Police say the gunfire followed a fight near the main stage and left one man dead and two other people wounded.
MIAMI, FL — A 22-year-old North Miami Beach man has been arrested and charged after a shooting late Sunday at the Taste of Miami Karnival in Little Haiti killed one man and wounded two other people, police said.
The arrest came days after the gunfire cut through a festival meant to celebrate Caribbean culture near Northeast Second Avenue and Northeast 62nd Street. Investigators say the shooting was targeted, not tied to the event itself, but it shook a neighborhood gathering that drew families and heavy police presence. The case now centers on what sparked the fight, whether others involved will face charges and how prosecutors will handle a claim of self-defense made by the man in custody.
Police say the shooting happened just after 11:20 p.m. Sunday, near the end of the Second Annual Taste of Miami Karnival. Officers assigned to the event heard gunfire, and a ShotSpotter alert also picked it up near the main stage. When officers moved in, they found three people hit. One of them, 23-year-old Kitchner Cyrille, had been shot in the chest and was taken to Jackson Memorial Hospital’s Ryder Trauma Center, where he died. A second man was found with multiple gunshot wounds and was hospitalized in critical condition. A woman who was shot in the legs was treated and later released. In the first hours after the violence, Miami Police Chief Manny Morales said the shooting appeared to be a targeted act and had “no connection to the festival whatsoever,” even though it unfolded in the middle of the event.
As detectives worked through witness accounts and video, the picture they described became more specific. Police spokesman Mike Vega said surveillance footage showed a fight in the crowd before the gunfire. He told local reporters the images showed “some sort of fight” and a scuffle between two men before the shooter pulled a gun and opened fire. Investigators later said the same footage showed associates of the suspect going through Cyrille’s pockets as he lay on the ground before they blended back into the crowd. Police have not publicly said what, if anything, was taken. They also have not publicly identified the second wounded man or the woman who was struck. One unresolved point is how many people, beyond the gunman, may have played a role in the confrontation that came just before the shooting.
Detectives said video from the area did more than capture the fight. It also helped them track the suspected shooter’s movements before and after the attack. According to the arrest form, cameras showed a black Dodge Charger in the area before the shooting, and license plate readers later helped police follow that lead. Investigators said the suspect returned to a nearby parking lot after the shots were fired, paced near the car, got inside with others and left. Officers later found the Dodge Charger at a home in Pembroke Pines and began surveillance there. On Thursday, police followed the car through parts of Broward and Miami-Dade counties before making a felony traffic stop just before 11:45 a.m. Authorities detained Jamesly Mezime and two other people, then took all three to the homicide office for questioning. Police have not announced charges against anyone else.
Mezime, 22, was later booked into jail on one count of second-degree murder and two counts of attempted murder. Police identified Cyrille as the man who died. At bond court Friday, a judge ordered Mezime held without bond, according to local reports, and also ordered him to stay away from the surviving victims if he is released. Investigators have said Mezime gave a statement after his arrest. In that account, described in local coverage of the arrest report, he said someone pushed or tugged him from behind in the crowd, that one man punched him in the face, and that another man in a blue hoodie reached toward his waistband for a gun. Mezime said he fired in self-defense and ran. Witness accounts cited by police point in a different direction. Vega said investigators had been told the dispute may have involved an ex-girlfriend the men once had in common. That possible motive has not been laid out in court in full, and police have not released a more detailed probable-cause narrative beyond what local outlets described from the arrest paperwork.

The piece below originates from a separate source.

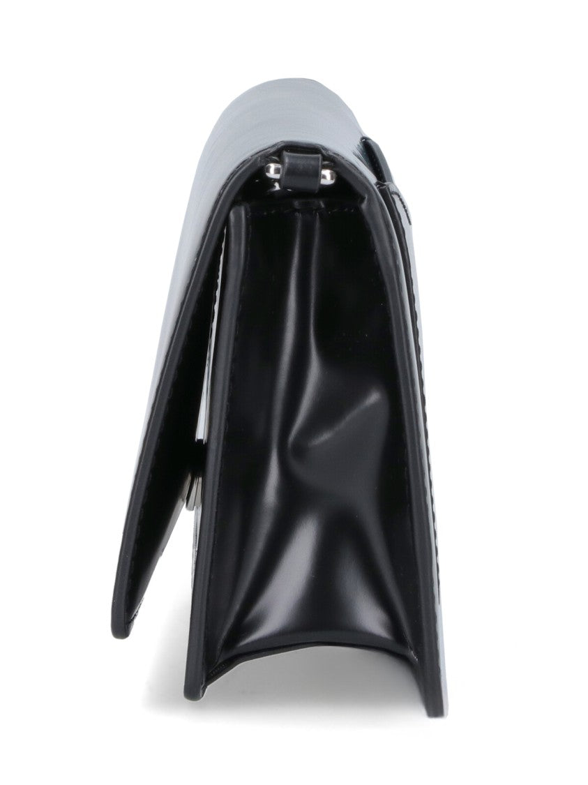 Marc Jacobs presents this sophisticated rectangular black bag, radiating modernity with its glossy finish and streamlined silhouette. The flap closure is adorned with a subtle metallic logo, while the detachable wrist strap offers versatility for various occasions. The smooth interior features a secure snap button fastening and a unique decorative cutout detail, blending functionality with refined aesthetics.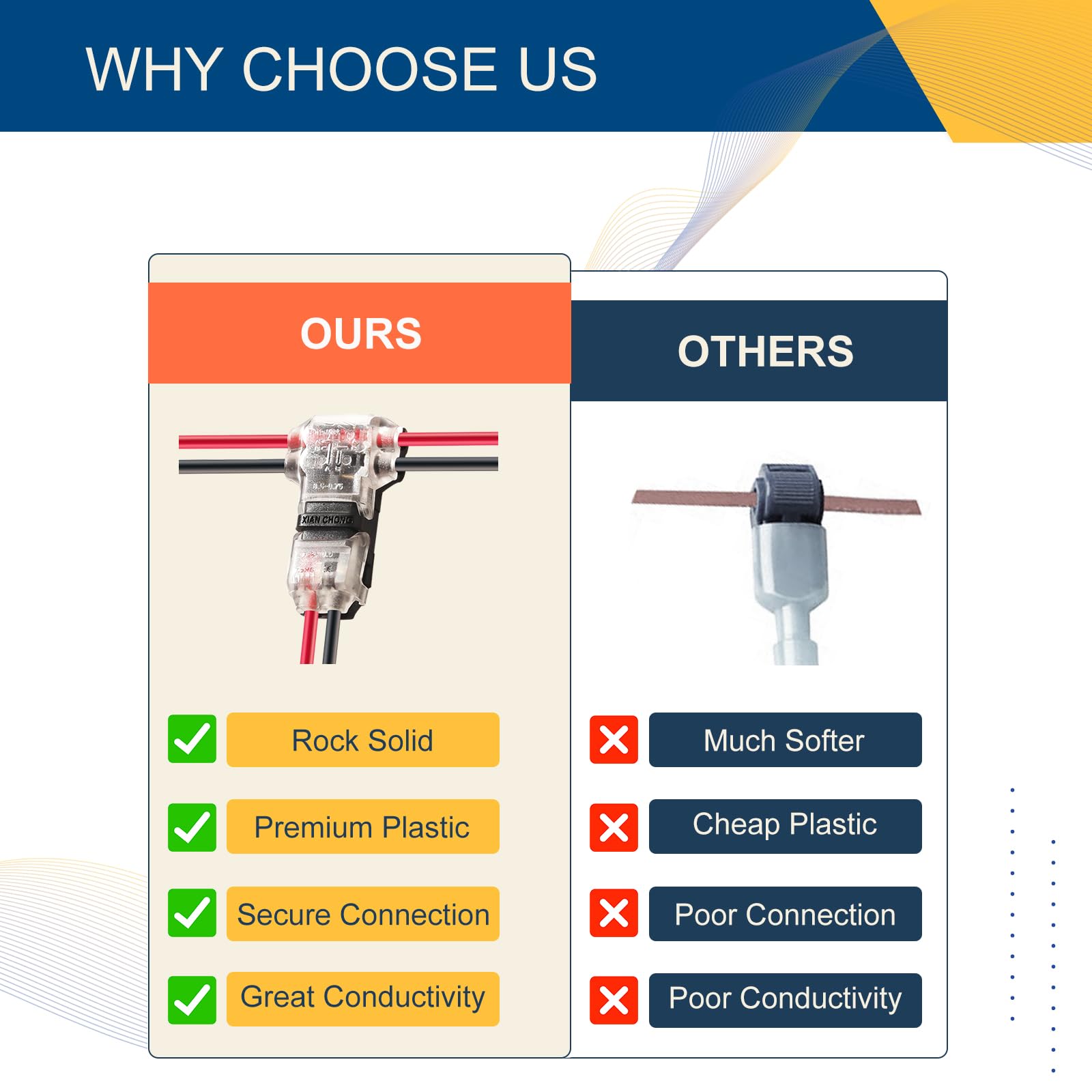 ROCK SOLID CONNECTION - Brightfour low voltage wire connector solves the problem that many connectors become loose because of the varying temperatures etc. After a few tests, you will see our wire splice connectors still hold tight, and keeps good contact. They stand out with reliable secure connection than other 3 way wire connector.

The shooting left behind a very different image from the one festival organizers and families expected. Cellphone and surveillance video showed people sprinting away from the main stage, some grabbing children as they ran. Shoes and clothing were left scattered on the pavement as paramedics and officers moved in. Supa Cindy, one of the event hosts, told local television that the crowd had felt safe before the shots because officers were visible throughout the area. A witness who spoke to Local 10 said she first heard two shots, turned, and saw a young man lying on the ground unresponsive as people rushed in every direction. For Cyrille’s family, the public scene quickly became private grief. His aunt, Chrislyne Brumaire-Florence, said the family had gone to the event as part of a Little Haiti tradition and was now trying to adjust to what she called “a nightmare.” She described her nephew as a Miami Edison Senior High School graduate who loved track and said his death had left a hole in the family.
The case stood Saturday with Mezime jailed at the Turner Guilford Knight Correctional Center and the homicide investigation still active. The next milestones are the continued court proceedings on the murder and attempted murder charges and any decision by detectives or prosecutors on whether others seen on video will also be charged.
Author note: Last updated April 18, 2026.